Another and related hint that one is in imaginal space, not in a fantasy, is the way “things happen” without thought or effort on the part of the ego. Phrases or sentences appear fully formed in one’s mind. There’s no time lag, no thought of, “Now Brian would say ….” It’s not that you hear something with your physical ears, but the effect is the same. The sentence is there, reverberating, fully formed, and the sense is that it has come from “somewhere else” or “someone else.”

A third feature of imaginal interactions is an emotional state that seems to come from somewhere external to the ego. You might be sitting on the deck and suddenly you find yourself crying, “missing Ellen,” when you never even knew Ellen. The emotion feels real but appears to have no ego-centered correlate. (Note that all of these might be hard to tell from psychosis! There is a fine line, I suspect.)

Another kind of “felt sense” can be a physical sensation.

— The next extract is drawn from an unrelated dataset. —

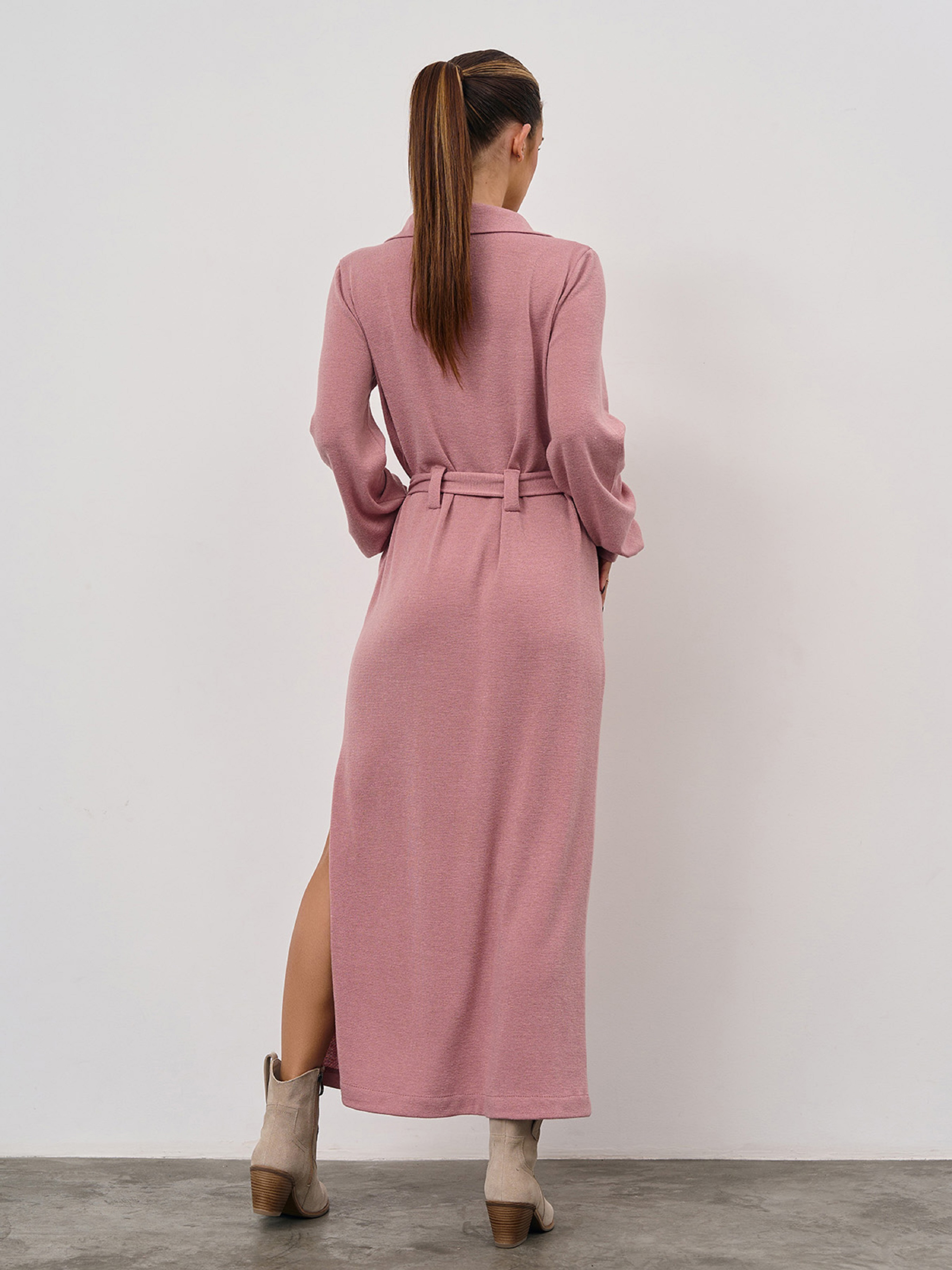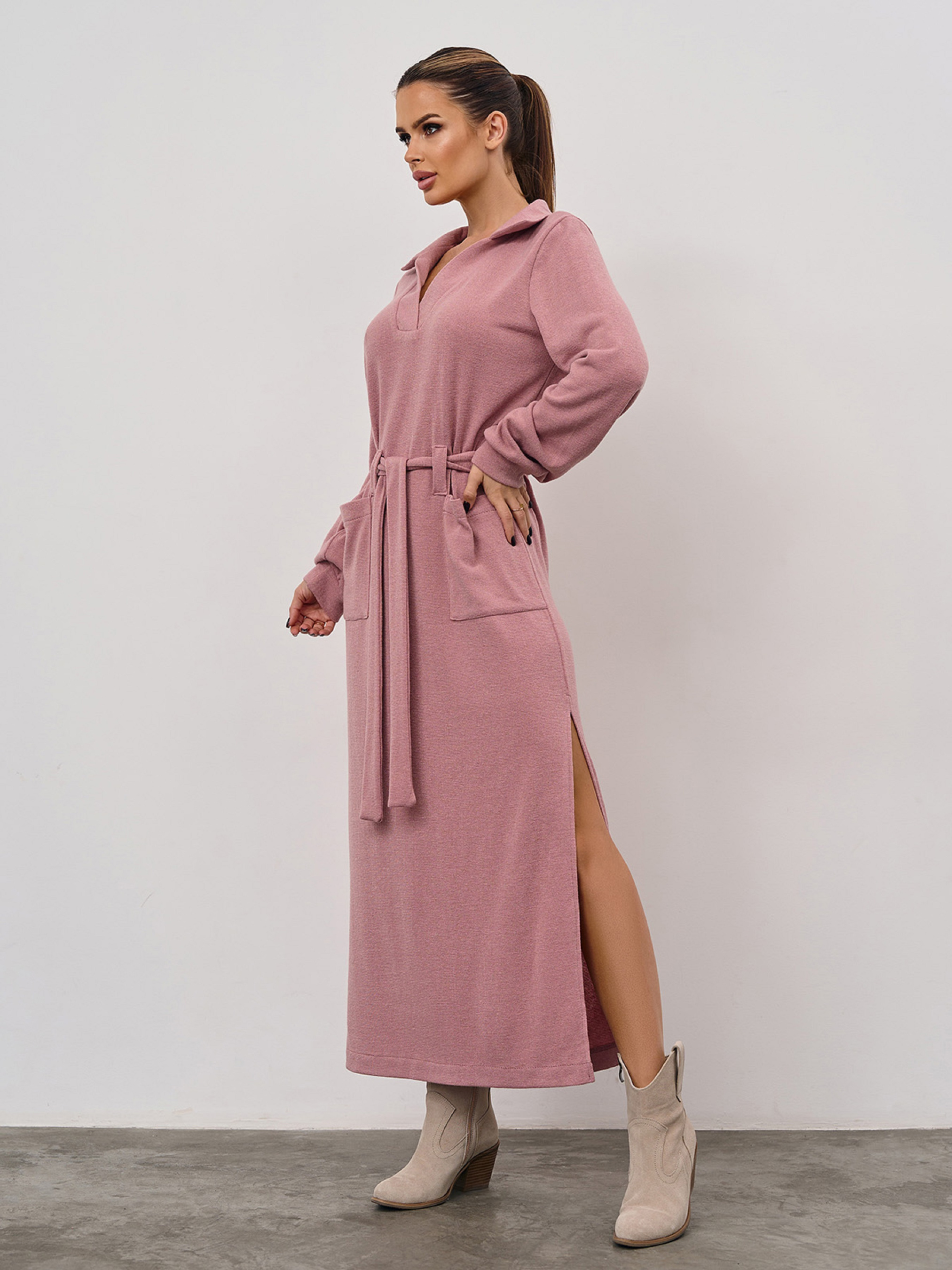 Розовое молодежное платье из трикотажной ангоры с длинными рукавами. Модель прямого кроя с V-образной горловиной и воротником. Модель макси длины с боковым разрезом, карманами и съемным поясом. . Полуобхват: Грудь: S (48), M (50), L (52), XL (54), XXL (56), 3XL (58), Талия: S (48), M (50), L (52), XL (54), XXL (56), 3XL (58), Бедра: S (48), M (50), L (52), XL (54), XXL (56), 3XL (58), Длина изделия - 130, Длина рукава - 63, Ткань: Высокой эластичности.

You can be talking with someone in the imaginal world and you can feel their hand in yours, or feel the weight of an imaginal 5-year-old as you carry her, or feel your imaginal friend’s arm around your shoulders. It’s a brief sensation, very real in a way that has nothing to do with actual, waking-world nerve endings. It’s clearly not imaginary.

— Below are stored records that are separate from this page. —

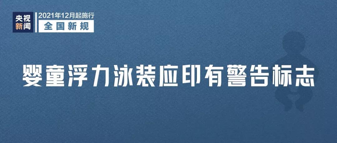 《嬰童浮力泳裝》國家標準12月1日起實施。明確嬰童浮力泳裝的結構與浮力性能等水中安全性要求,應在耐久性標籤上或產品的顯著位置印刷或壓印警告標誌等。
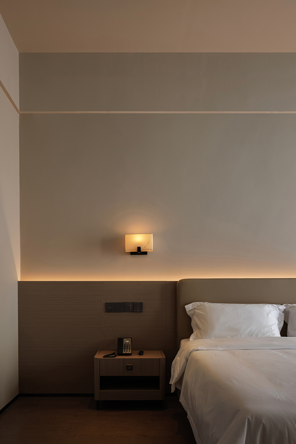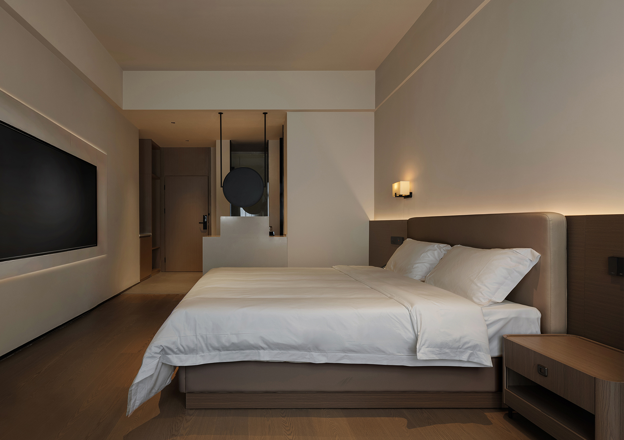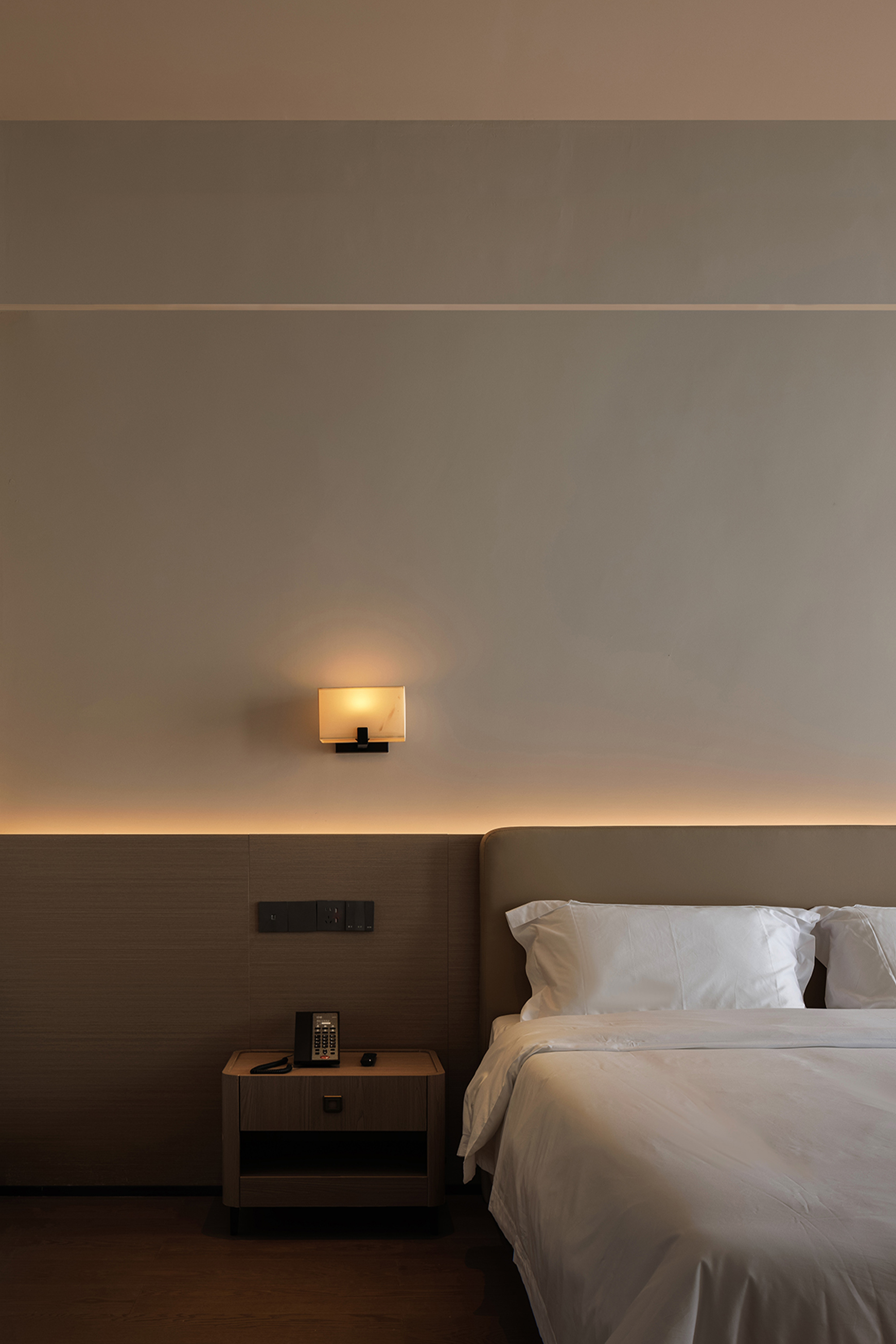 The elevator lobby continues the natural palette of the overall space, finely weaving together materiality, light and shadow, and function to redefine relaxation within an urban hotel. With minimalist lines and tender textures, it creates a space imbued with warmth. In the guest rooms, natural wood grain combines with neutral tones of light beige and warm gray, complemented by fabrics, leather, and other natural materials to form a softly layered environment. The transition between wall and floor is clean and seamless, while concealed lighting glows like dusk, gently softening the boundaries of the space.
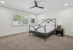Upstairs, the private primary suite features a fitted closet and a serene five-piece bath with soaking tub and Euro-glass shower. An additional ensuite guest bedroom offers comfort and privacy.
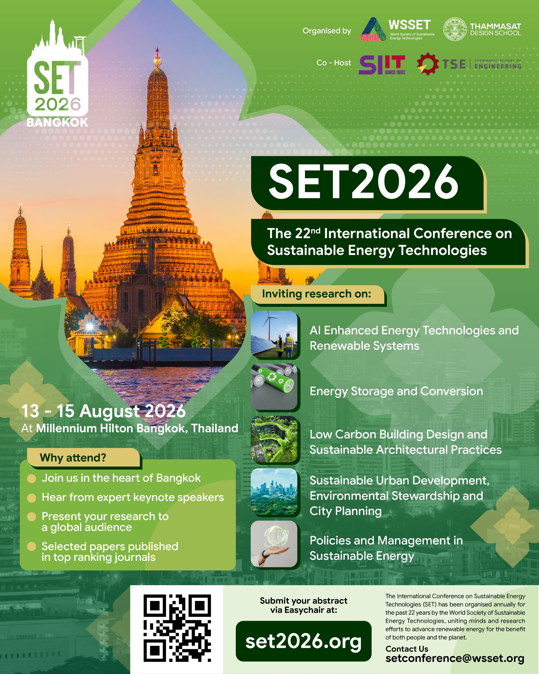 ขอเชิญชวนส่ง “บทคัดย่อ” เพื่อนำเสนอผลงานในการประชุมวิชาการนานาชาติ The 22nd International Conference on Sustainable Energy Technologies (SET2026)
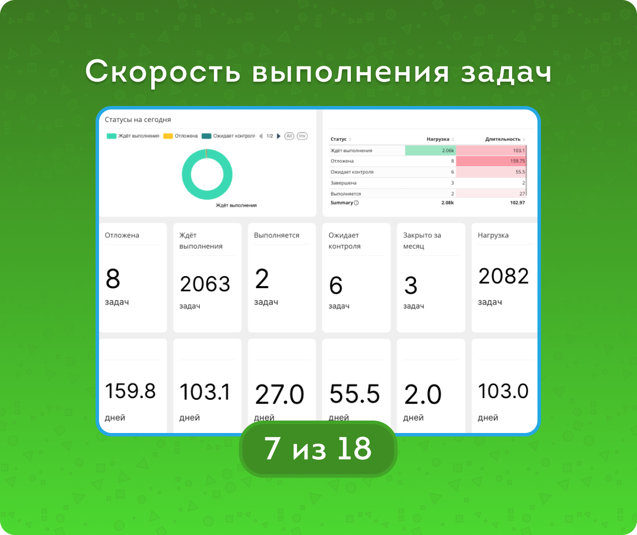 Вкладка «Дашборд» содержит в себе те метрики, которые помогут руководителю быстро оценить ситуацию: растет или падает активность, какова текущая нагрузка и средняя длительность задач, сроки и остаток часов.
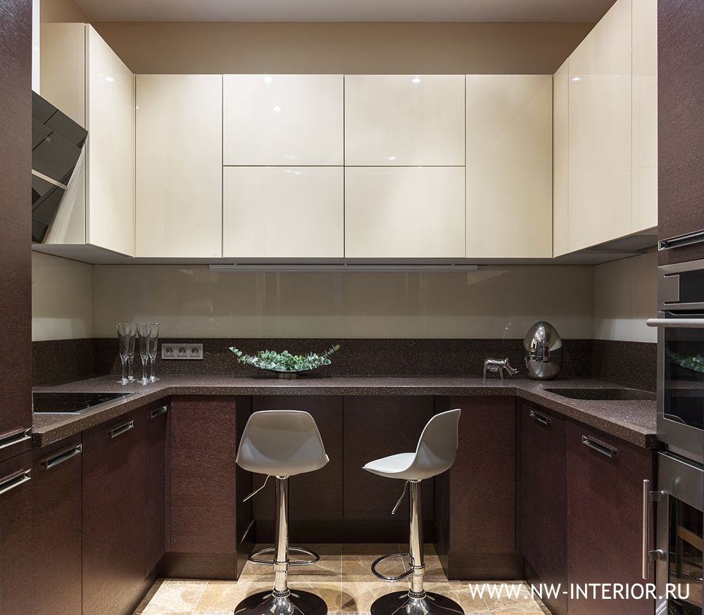 - П-образная кухня, где одну из сторон представляет собой полуостров рабочей поверхности, служащий одновременно барной стойкой.

There is probably never going to be a hard-and-fast rule whereby one can distinguish a fantasy experience from a “real” imaginal one. Part of the trick maybe intention, and keeping a very close eye on one’s desires. I remain suspicious of anything that feels like something I’d really love to have happen. Not that such an experience couldn’t be imaginal and not fantasy; it just pays to be skeptical.

It’s especially difficult to distinguish between something I’ve made up (as in fantasy) versus the “real thing” when I’m dealing with a being whom I know well. My mother, who died in 1999, is a good example: I know, from a lifetime of knowing my mother, what she’d be likely to say or do in a given circumstance. How do I know that when I hear her say, “oh, not that again!” that it’s “really her” and not just my memory creating a fantasy?

This post represents my experiences, and my sense of what’s going on. I remain quite confused on many levels, and again, would very much appreciate input. What are your interactions with the imaginal world like? How do you think it all works?